Mlle Léonide emmena l’enfant pour l’empêcher de s’attendrir, fidèle à son principe « que la vie était faite pour autre chose que pour pleurer ». Anne s’égaya en portant de la caisse dans le salon une foule d’objets curieux qui lui semblaient venir du pays des fées. Elle s’émerveillait, questionnait et babillait comme un oiseau joyeux. Mlle Léonide souriait et se sentait heureuse comme elle ne l’avait pas été depuis bien longtemps. Elle s’était dit d’abord : « Si j’avais eu le bonheur d’être une mère de famille, comme j’aurais aimé une petite fille pareille à celle-ci ! » Il y avait un regret dans cette pensée : il n’y en eut plus dans la suivante : « Pourquoi ne l’aimerais-je pas ? je n’ai pas besoin d’être sa mère pour cela ! »
Anne resta tout à coup pétrifiée d’admiration. Elle venait de sortir d’un coin de la caisse une petite bercelonnette en bois sculpté peinte en rouge et blanc, où reposait un poupon à figure rebondie, entortillé des pieds aux épaules dans une longue bandelette brodée qui lui serrait les bras le long du corps. À côté du berceau, une poupée aux longs cheveux tressés de rubans rouges, vêtue d’une chemise blanche à larges manches, d’un corset noir au plastron tout couvert de paillettes d’argent, d’un jupon rouge, et d’un tablier bleu brodé d’argent et d’or et relevé dans la ceinture, représentait la nourrice ou la mère de l’enfant.
« Cela, c’est pour toi, lui dit Mlle Léonide. C’est une poupée italienne : j’ai vu des villages où toutes les femmes sont habillées comme cela, et les petits enfants comme celui-ci.
— Comme c’est beau de voyager ! dit la petite, pensive.
— On peut toujours voyager dans les livres : je t’en donnerai de beaux, avec des images ; tu y verras le pays de la poupée.

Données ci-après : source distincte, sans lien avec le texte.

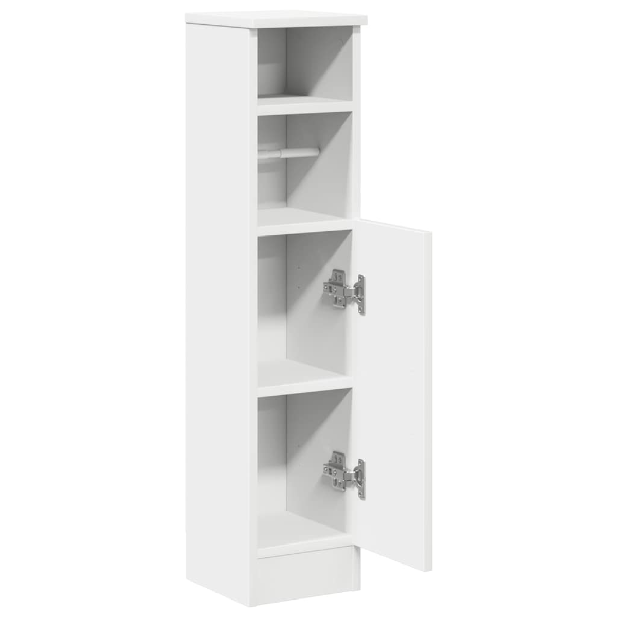 The bathroom cabinet is an ideal choice for your space, combining both style and functionality, offering ample storage to keep your toiletries and essentials neatly organised. Stable and durable material: Engineered wood is a durable and stable material with a smooth surface that is resistant to moisture, warping, and splitting, making it a reliable choice for a variety of projects.Roll holder: The bathroom storage cabinet includes a built-in paper roll holder, enhancing convenience by keeping toilet paper within easy reach and neatly organised.Ample storage space: This bath cabinet offers versatile storage options with an open shelf for easy access to frequently used items, and a closed cabinet for storing larger items like towels and cleaning supplies.Customisable installation: You can assemble the door either to the left or right side of the cabinet opening, according to your personal preferences or space requirements.Easy to maintain: Thanks to its smooth surface, the bathroom cupboard is easy to clean with a damp cloth and requires less maintenance. Warning:To prevent it from tipping over, this product must be used with the provided wall attachment device.

— Comme vous êtes bonne ! Vrai ! vous avez pensé à moi de si loin ?
— Sans doute ! Et toi, tu ne pensais donc jamais à ta vieille amie ?
— Si, quelquefois, fit Anne confuse ; mais je n’ai rien fait pour vous.
— Parce que tu étais petite. À présent tu m’aides à ranger ma maison : tu vois bien que tu fais quelque chose pour moi. Allons, emporte tes poupées et continuons. Prends avec soin cette grande boîte : je vais l’ouvrir pour te montrer ce qu’il y a dedans : c’est très-précieux.
— Ah ! je connais bien cela, c’est un violon. Mais quel drôle de violon ! il n’est pas rouge comme ceux des violoneux qui font danser aux préveils, et puis il a un gros ventre tout rond.
— Ce violon-là, mon enfant, a été fait il y a trois cents ans en Italie, par un savant faiseur de violons qui s’appelait Amati. Le roi de France de ce temps-là, qui était Henri III, lui commanda vingt-quatre beaux violons pour faire de la musique aux noces du duc de Joyeuse, un seigneur qu’il aimait beaucoup ; et mon violon est un de ceux-là. Tu penses bien qu’il a voyagé depuis, avant de revenir en Italie où je l’ai acheté, et qu’il a vu bien des choses.
— Quel dommage qu’il ne puisse pas les raconter ! s’écria Anne. Est-ce que vous savez en jouer, mademoiselle ?
— Non, mais je l’ai acheté pour sa rareté ; c’est très-curieux et très-précieux, ces violons-là. Je l’ai prêté plusieurs fois à des artistes, et il a les sons les plus doux qu’on puisse entendre. Là ! remettons-le dans sa boîte. Maintenant, range-moi ces pierres sur cette étagère.
— Ah ! les jolies pierres ! Il y a du bleu, du blanc, du noir, du gris… où les trouve-t-on ?
— Elles viennent d’un volcan d’Italie. Tu ne sais pas ce que c’est qu’un volcan ? »
Anne secoua la tête et se mit à ranger les pierres. Mlle Léonide remarqua qu’elle cessa de faire des questions, et qu’elle fut un peu moins gaie le reste du jour. C’était la première fois qu’elle souffrait de son ignorance, la pauvre Anne ! Elle y songea toute la soirée, et s’endormit en se demandant s’il était possible de devenir aussi savante que Mlle Léonide sans faire autant de voyages qu’elle.